Re: struct ipc_perm and size of seq member
- To: Franz dot Sirl-kernel at lauterbach dot com
- Subject: Re: struct ipc_perm and size of seq member
- From: Geoff Keating <geoffk at cygnus dot com>
- Date: Fri, 22 Sep 2000 10:18:08 -0700
- CC: libc-alpha at sources dot redhat dot com
- References: <5.0.0.19.2.20000922140442.01f72eb0@mail.lauterbach.com>
> Date: Fri, 22 Sep 2000 14:18:37 +0200
> From: Franz Sirl <Franz.Sirl-kernel@lauterbach.com>
>
> Hi,
>
> I'm finally able to run 2.4.0-t8 on my B&W G3 and can now track down the
> remaining problems with glibc-2.1.9x. With 2.4 I still have an IPC problem,
> that maybe related to different notion of the size of seq. 2.4 on PPC
> defines it as 'unsigned long', but glibc-2.1.94 uses it as 'unsigned
> short'. Besides the missing padding in powerpc/bits/ipc.h, why does glibc
> use a 16bit type here, while the kernel uses 32bit?

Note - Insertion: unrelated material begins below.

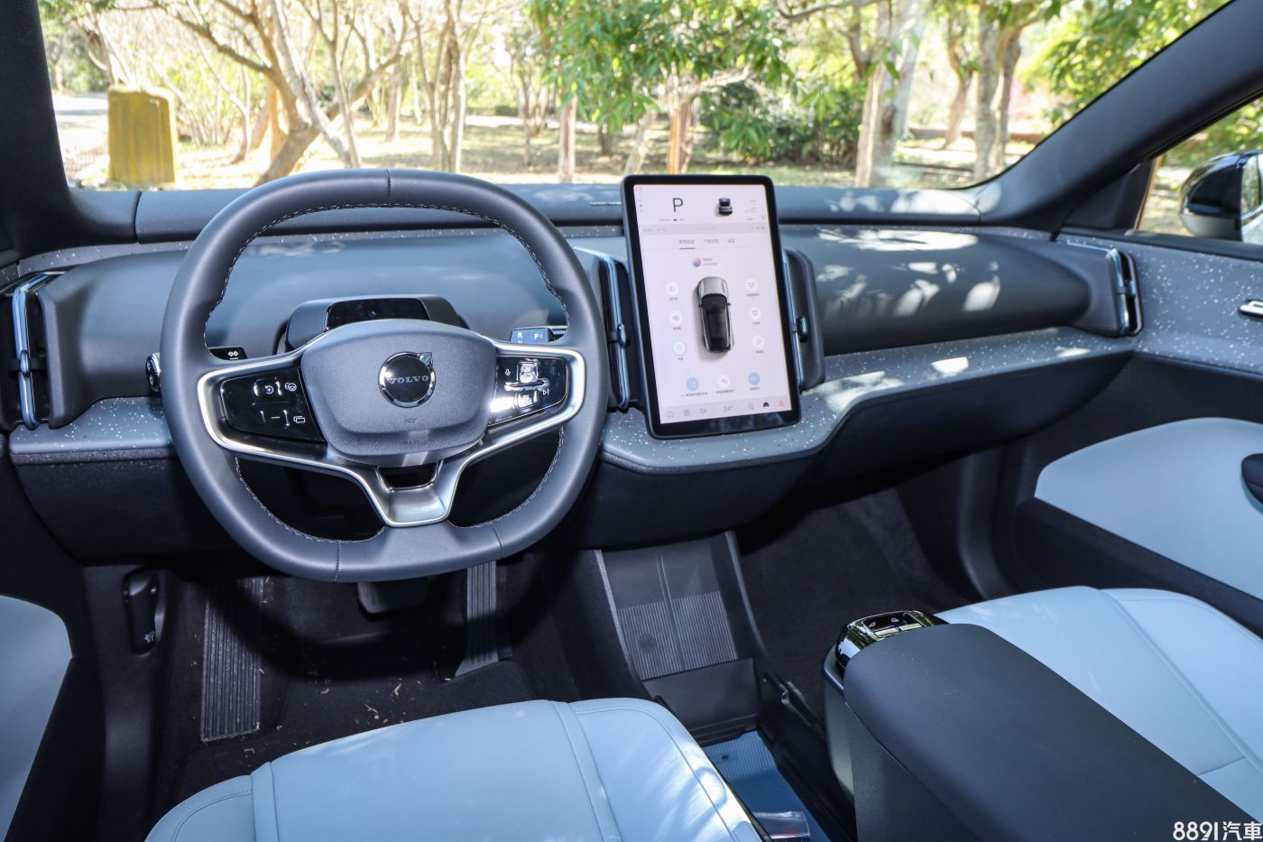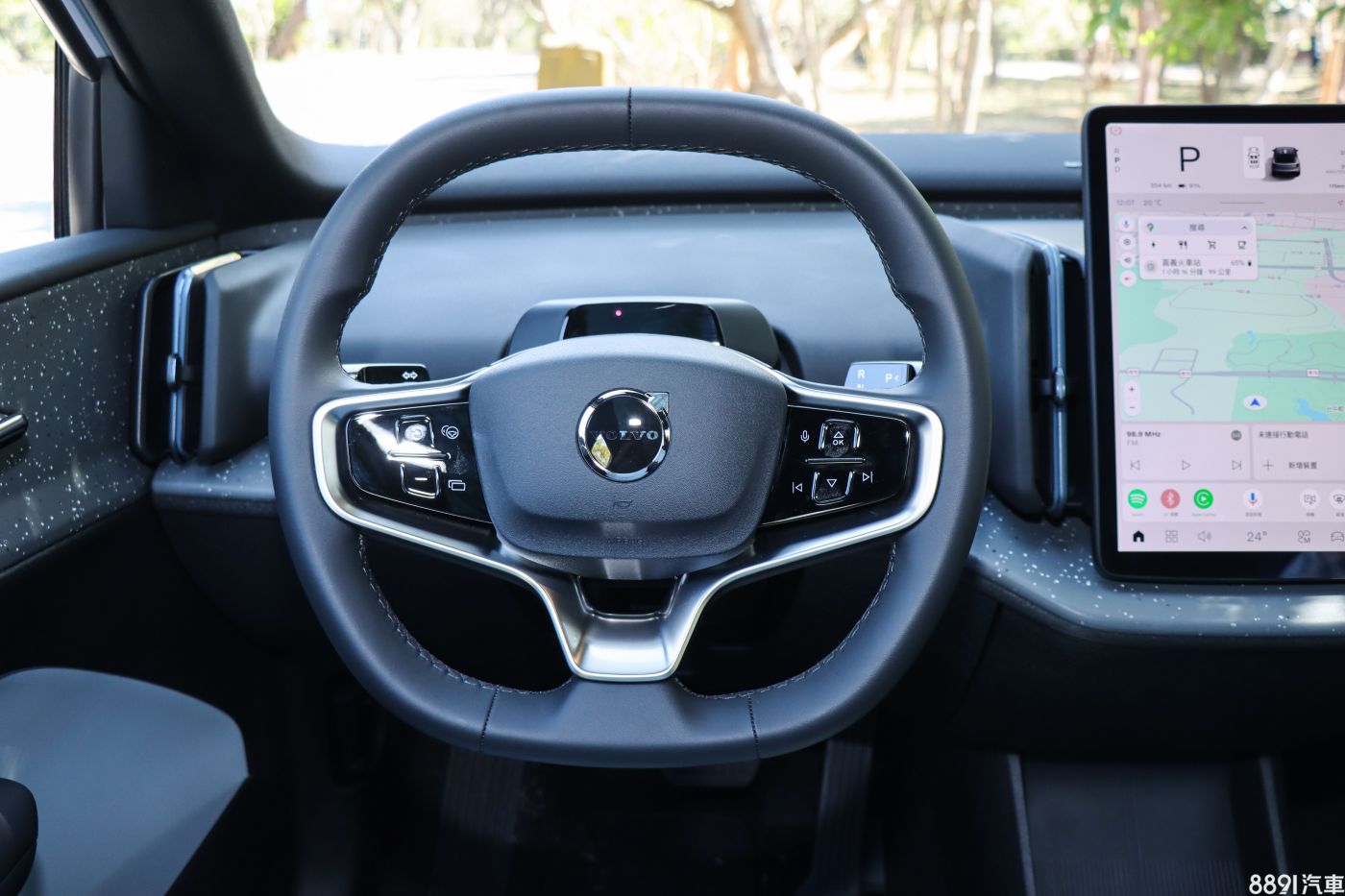 跟外表一樣,EX30車內也走「簡潔風」,以水平線條鋪陳,搭配簡單立體線條,沒有傳統的儀錶板、物理按鍵也是少之又少,絕大部分行車資訊、多媒體娛樂、空調介面,都整合在中央12.3吋觸控螢幕之中,座艙看起來十分清爽,但全部功能「All in One」,也更加考驗車廠螢幕UI介面的設計功力。

Is this required for
> userspace compatibility?
This structure used to be
struct ipc_perm
{
__kernel_key_t key;
__kernel_uid_t uid;
__kernel_gid_t gid;
__kernel_uid_t cuid;
__kernel_gid_t cgid;
__kernel_mode_t mode;
unsigned short seq;
};
so the kernel change breaks backward compatibility, and the glibc
problem you're seeing is just one aspect of this.
Note that this structure has padding _after_ 'seq', not before.
'mode' is 4-byte aligned, being an int.